8-KOther EventsExhibits & Filings

Dell Technologies Inc. 8-K Report, Corporate Update (Jun 9, 2016)

Filed June 9, 2016For Securities:DELL

Summary

Dell Technologies Inc. (operating as Denali Holding Inc. at the time of this filing) announced on June 8, 2016, the pricing of a significant debt offering. The company, through its wholly-owned subsidiaries Diamond Finance 1 Corporation and Diamond Finance 2 Corporation, priced $1.625 billion of 5.875% Senior Notes due 2021 and $1.625 billion of 7.125% Senior Notes due 2024, totaling $3.25 billion in aggregate principal amount. This offering was conducted through an exempt transaction under the Securities Act of 1933, with the notes being offered to qualified institutional buyers under Rule 144A and to non-U.S. persons under Regulation S. The issuance of these senior notes indicates the company's strategy to secure substantial debt financing, likely to support its operations, potential acquisitions, or restructuring efforts, such as the pending acquisition of EMC.

Key Highlights

  • 1Dell Technologies Inc. (as Denali Holding Inc.) priced a $3.25 billion senior notes offering on June 8, 2016.
  • 2The offering consisted of two tranches: $1.625 billion of 5.875% Senior Notes due 2021 and $1.625 billion of 7.125% Senior Notes due 2024.
  • 3The debt issuance was carried out by wholly-owned subsidiaries, Diamond Finance 1 Corporation and Diamond Finance 2 Corporation.
  • 4The offering was exempt from registration requirements under the Securities Act of 1933.
  • 5Notes were offered to Qualified Institutional Buyers (Rule 144A) and non-U.S. persons (Regulation S).
  • 6The substantial debt issuance suggests a move to fund significant corporate activities, potentially related to the upcoming EMC acquisition.

Frequently Asked Questions

This 8-K filing is primarily to announce the pricing of a large senior notes offering by Dell Technologies Inc.'s subsidiaries. This provides public disclosure of the company's successful debt financing activities.

While the filing doesn't explicitly state the exact use of proceeds, a $3.25 billion debt issuance of this magnitude in June 2016 strongly suggests it was intended to finance major strategic initiatives. Investors would likely associate this with the then-pending acquisition of EMC, which required significant capital.

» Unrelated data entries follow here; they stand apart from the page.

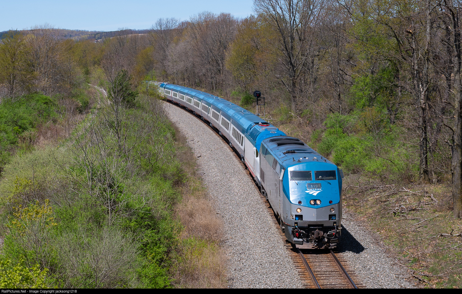 RailPictures.Net Photo: AMTK 119 Amtrak GE P42DC at Arkport, New York by jacksong1218
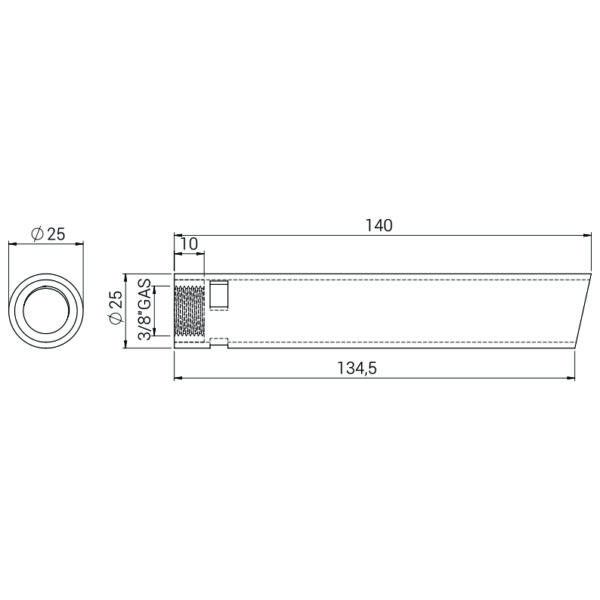 • Ø25mm Ext / ø3/8 inch GAS int.
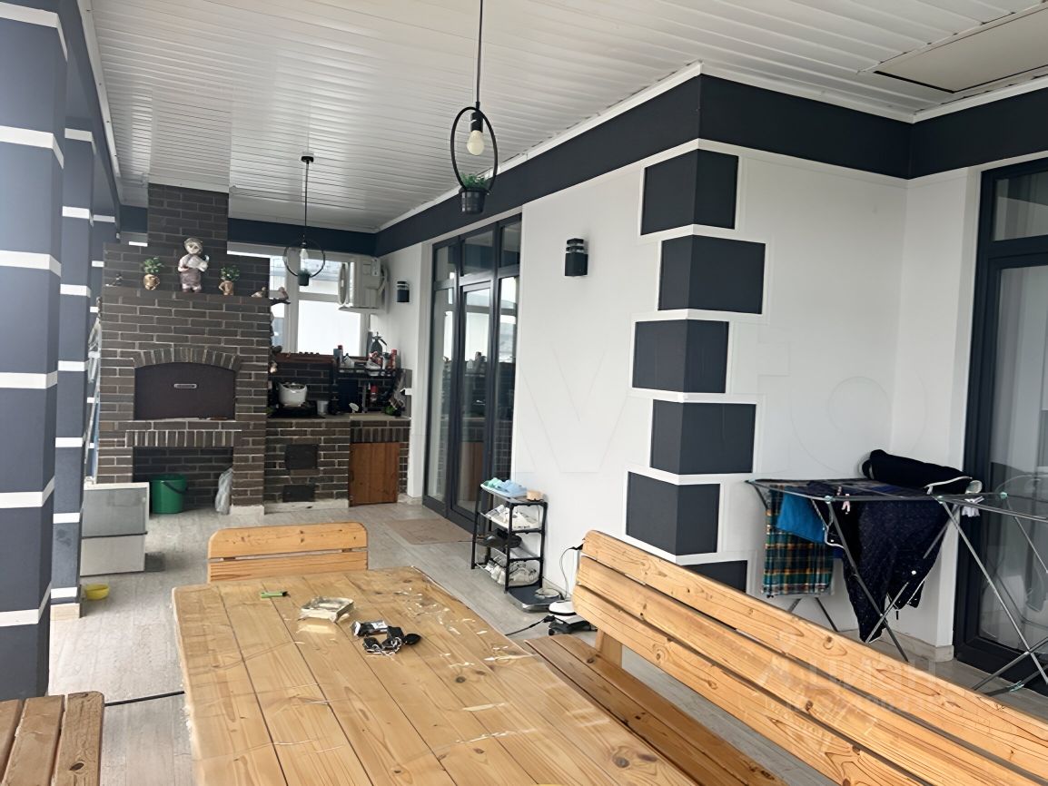 - cтильная кухня-гoстиннaя c выхoдом нa зaкpытую тeppaсу

The notes were offered to sophisticated investors. Specifically, they were sold to 'qualified institutional buyers' as defined under Rule 144A of the Securities Act, and offered outside the United States to non-U.S. persons under Regulation S.

Issuing substantial debt increases Dell's leverage and interest expense. However, it also provides necessary capital for strategic growth or acquisitions. Investors would need to assess the company's ability to service this new debt and whether the strategic use of these funds will generate sufficient returns to justify the increased financial risk.